O ponto em que migrar deixa de ser opcional
Hardware envelhece, contrato de manutenção sobe, time interno encolhe e o concorrente já está em cloud virando produto em cima do dado. Migrar é a parte difícil — derrubar relatório de CEO durante a transição é o que paralisa o projeto.
- ●Cluster Hadoop on-premise em hardware vencendo contrato
- ●Conta da Oracle Cloud / nuvem atual crescendo acima do retorno
- ●Time interno encolheu, ninguém quer cuidar de cluster físico
- ●Compliance/auditoria pedindo cloud regulamentada
- ●Concorrente migrou e está mais rápido em entrega de dado
O que entregamos
Migração completa em ondas planejadas, com dual-run, validação de hash arquivo a arquivo e contingência por etapa. Plus modernização da arquitetura no destino — não 'levanta igual ao on-prem', moderniza enquanto migra.
Como funciona o projeto
- 01
Assessment (3-4 semanas)
Mapeamento de tabelas, jobs, consumidores e tecnologia.

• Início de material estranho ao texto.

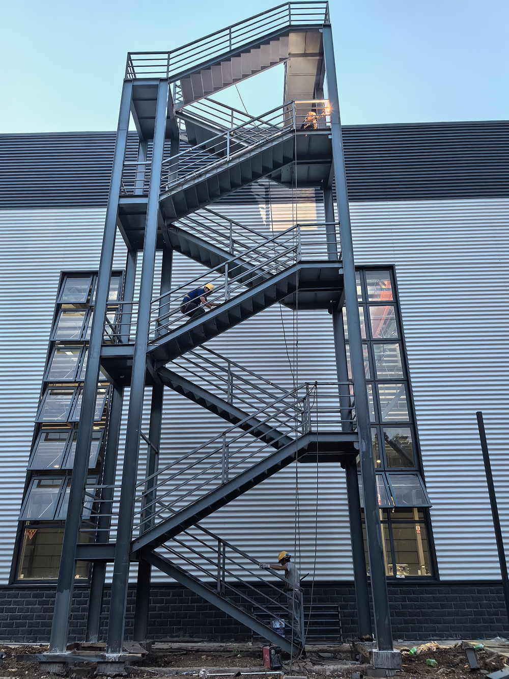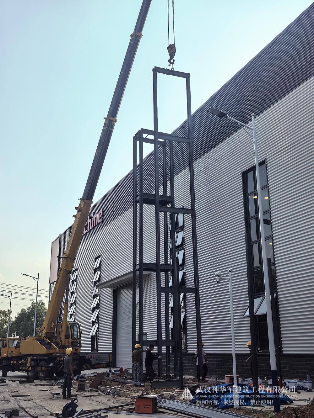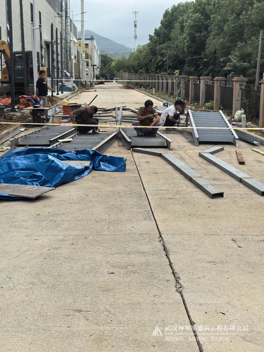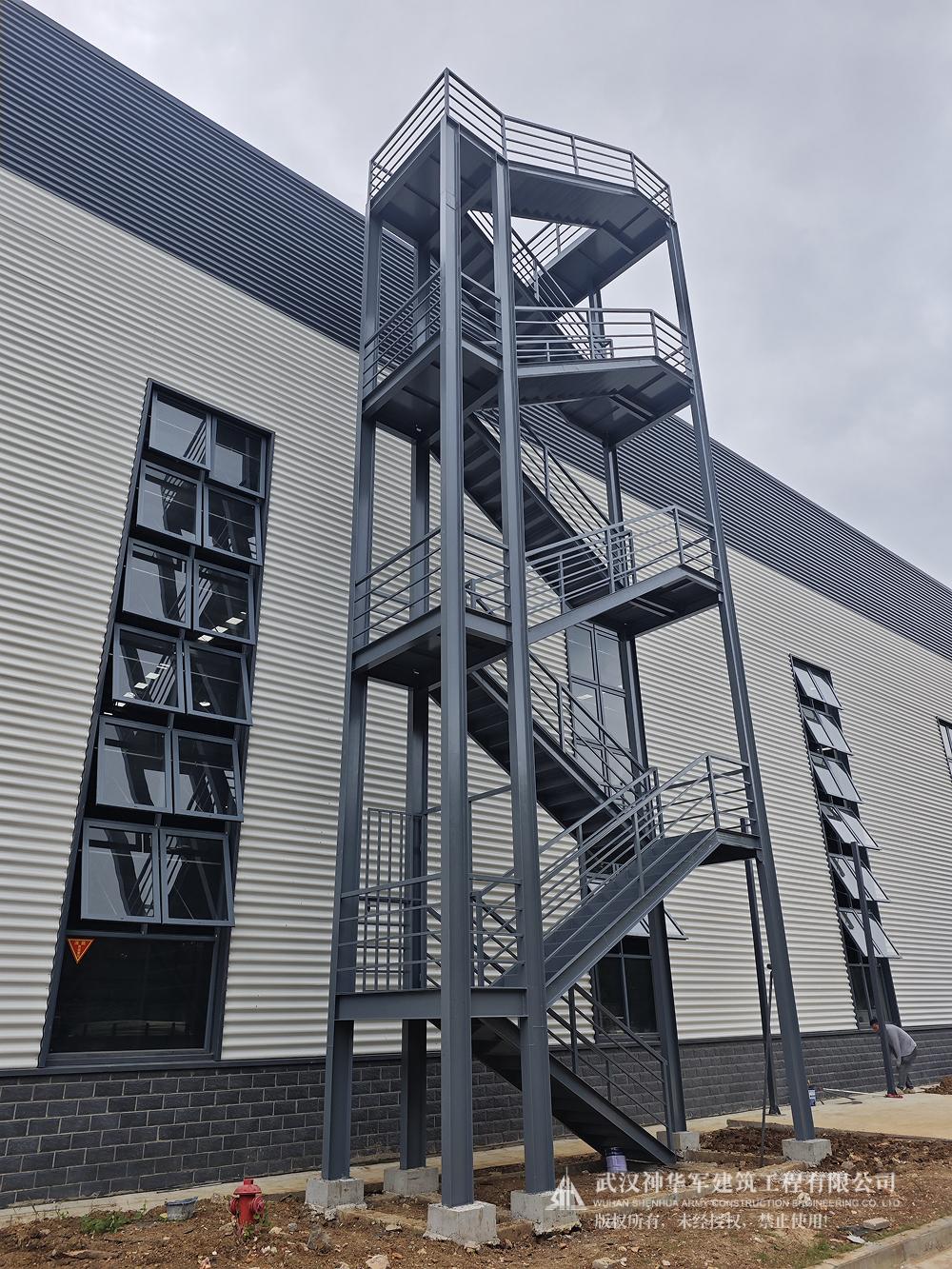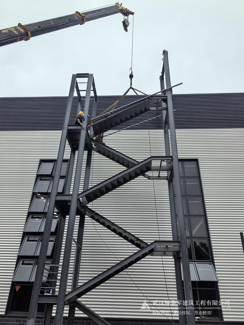 施工单位:武汉神华军建筑工程有限公司。楼梯为直跑钢楼梯,高度达到15.5m。直达5.4MW分布式光伏屋面。公司从设计到土建基础及钢结构制作安装,得到业主单位一致好评和认可。

Análise de uso pra identificar tabelas zumbis (em geral 30-50% não tem consulta há > 6 meses).
- 02
Fundação cloud (4-8 semanas)
Storage, IAM, catálogo, engine de query, primeiro pipeline ETL completo. 1 caso de uso de referência rodando ponta-a-ponta.
- 03
Migração em ondas (3-6 meses)
Cada onda tem 4 etapas: copiar dado, validar consistência, apontar consumidores, dual-run de 1-2 semanas.
- 04
Decomissionamento (4-6 semanas)
On-prem desativado onda por onda com backup final em cold storage. Documentação completa no catálogo da cloud.
O que ficou medido
No case da RD Station: 100 TB migrados em ~12 meses, zero downtime visível pra operação, 40% de redução na conta mensal e cluster reduzido de 35 pra 18 servidores no destino. +25% de performance no que ficou.